From: Johannes Schindelin <johannes.schindelin@gmx.de>

Otherwise we may easily run into serious crashes: For example, if we run
`init_tree_desc()` directly after a failed `parse_tree()`, we are
accessing uninitialized data or trying to dereference `NULL`.

Note that the `parse_tree()` function already takes care of showing an
error message. The `parse_tree_indirectly()` and
`repo_get_commit_tree()` functions do not, therefore those latter call
sites need to show a useful error message while the former do not.
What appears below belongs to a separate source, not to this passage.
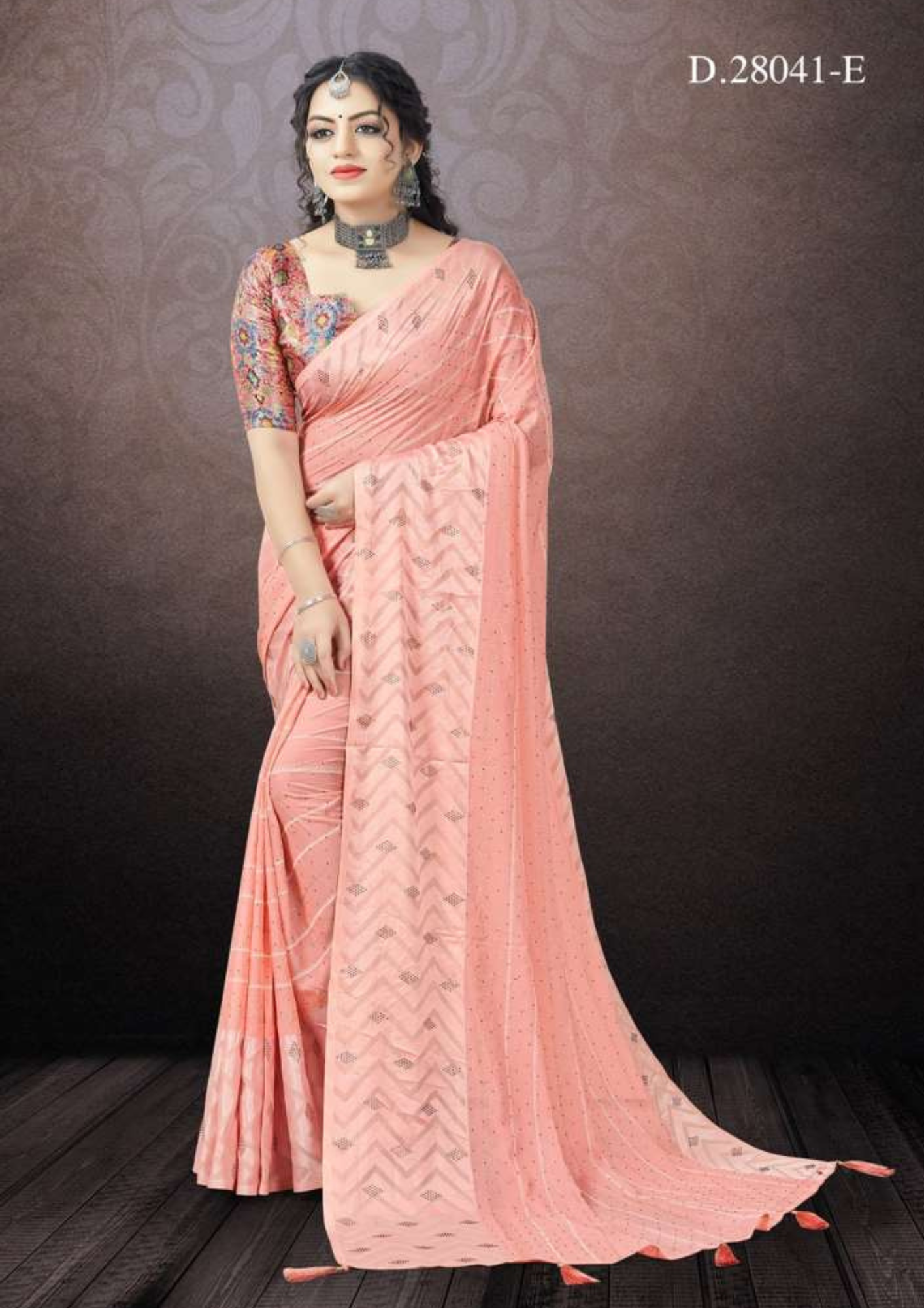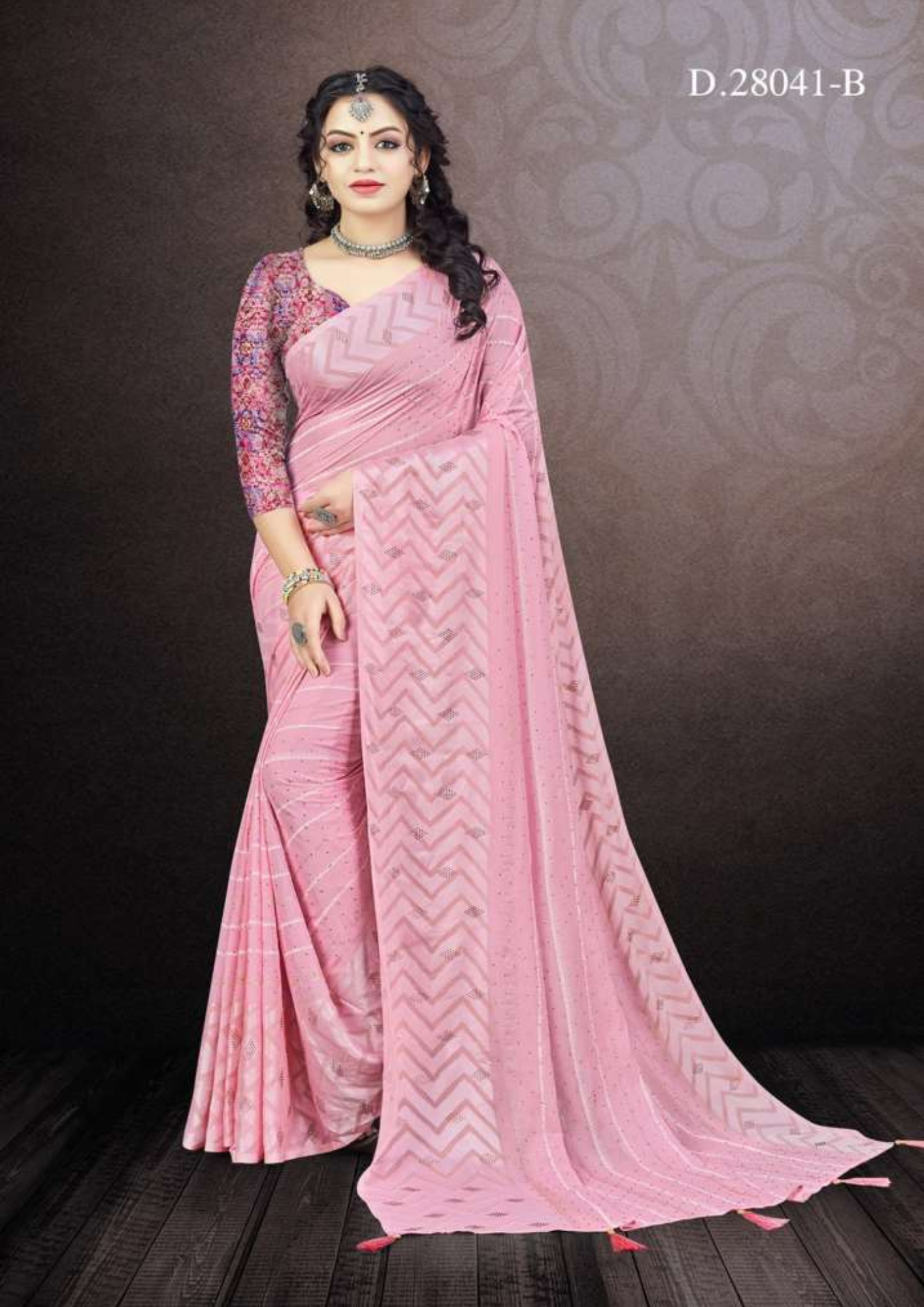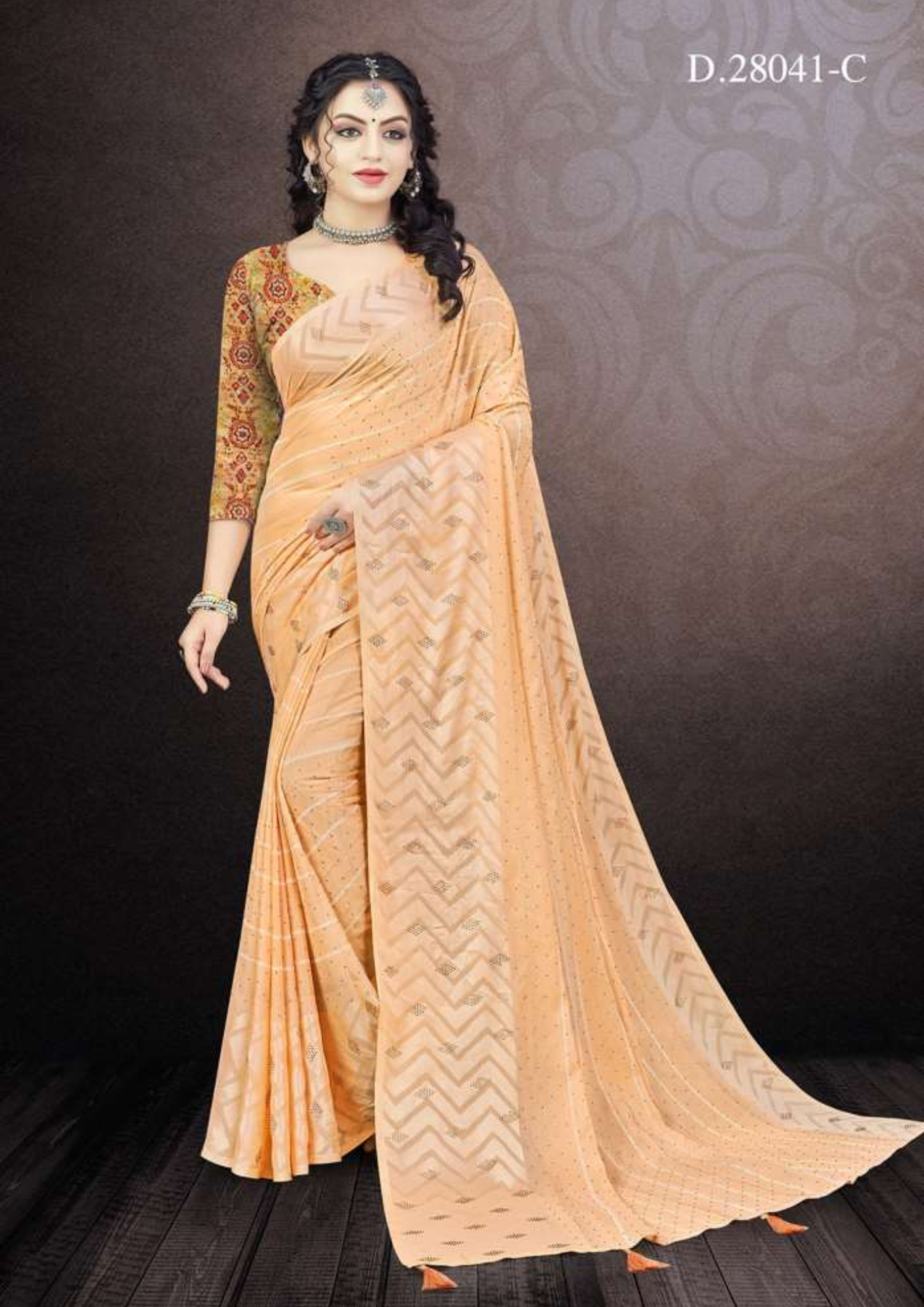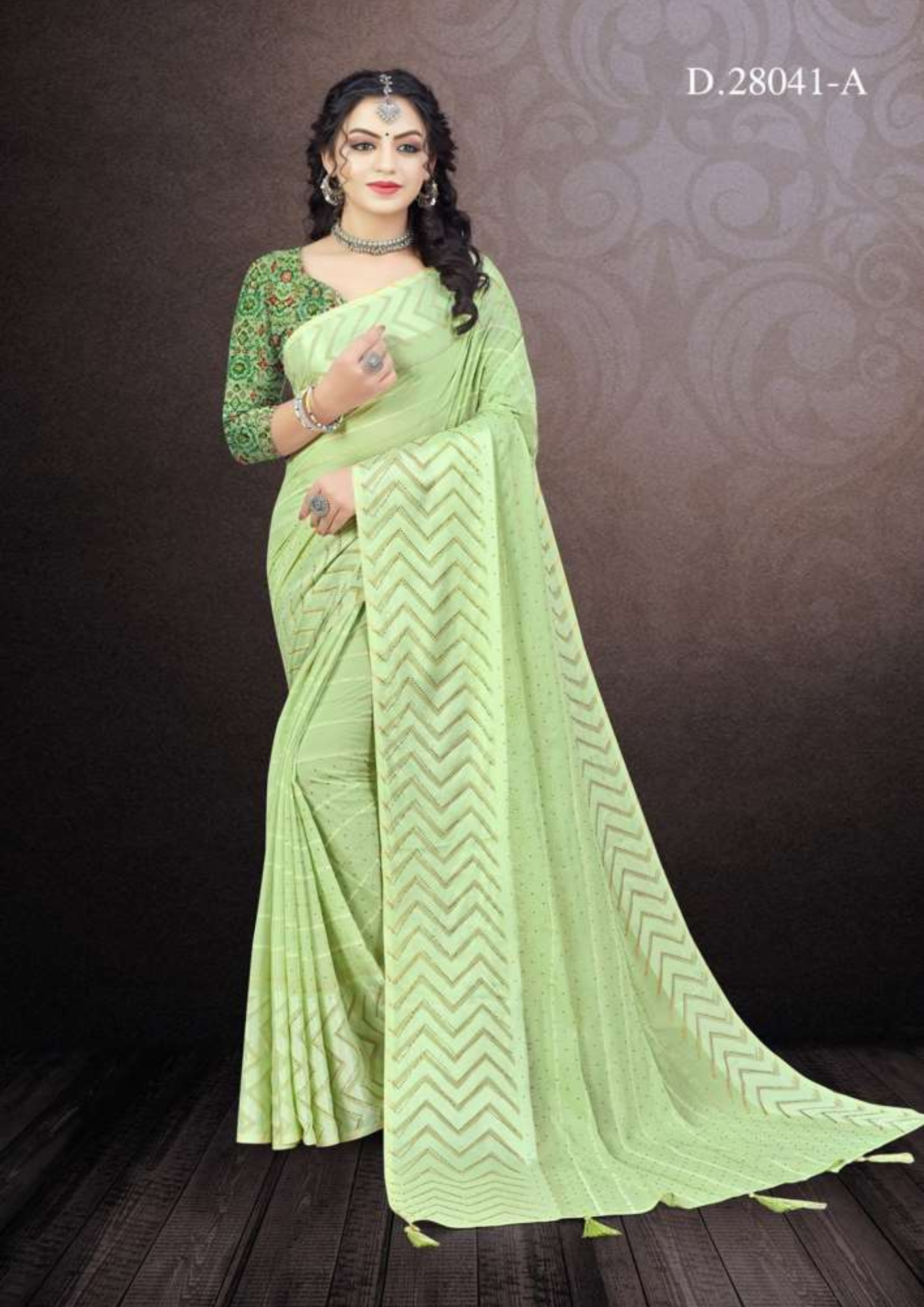 Step into elegance with this Mint Green Georgette Saree, designed with a subtle zigzag printed pattern that enhances its modern charm. The soft georgette fabric ensures a graceful drape, offering both comfort and sophistication. Paired with a contrasting embroidered blouse in rich tones, this saree perfectly blends traditional artistry with contemporary appeal. Ideal for festive occasions, cocktail parties, or wedding celebrations, this ensemble radiates freshness and refined style.

Signed-off-by: Johannes Schindelin <johannes.schindelin@gmx.de>
---
 builtin/checkout.c   | 19 ++++++++++++++++---
 builtin/clone.c      |  3 ++-
 builtin/commit.c     |  3 ++-
 builtin/merge-tree.c |  6 ++++++
 builtin/read-tree.c  |  3 ++-
 builtin/reset.c      |  4 ++++
 cache-tree.c         |  4 ++--
 merge-ort.c          |  3 +++
 merge-recursive.c    |  3 ++-
 merge.c              |  5 ++++-
 reset.c              |  5 +++++
 sequencer.c          |  4 ++++
 12 files changed, 52 insertions(+), 10 deletions(-)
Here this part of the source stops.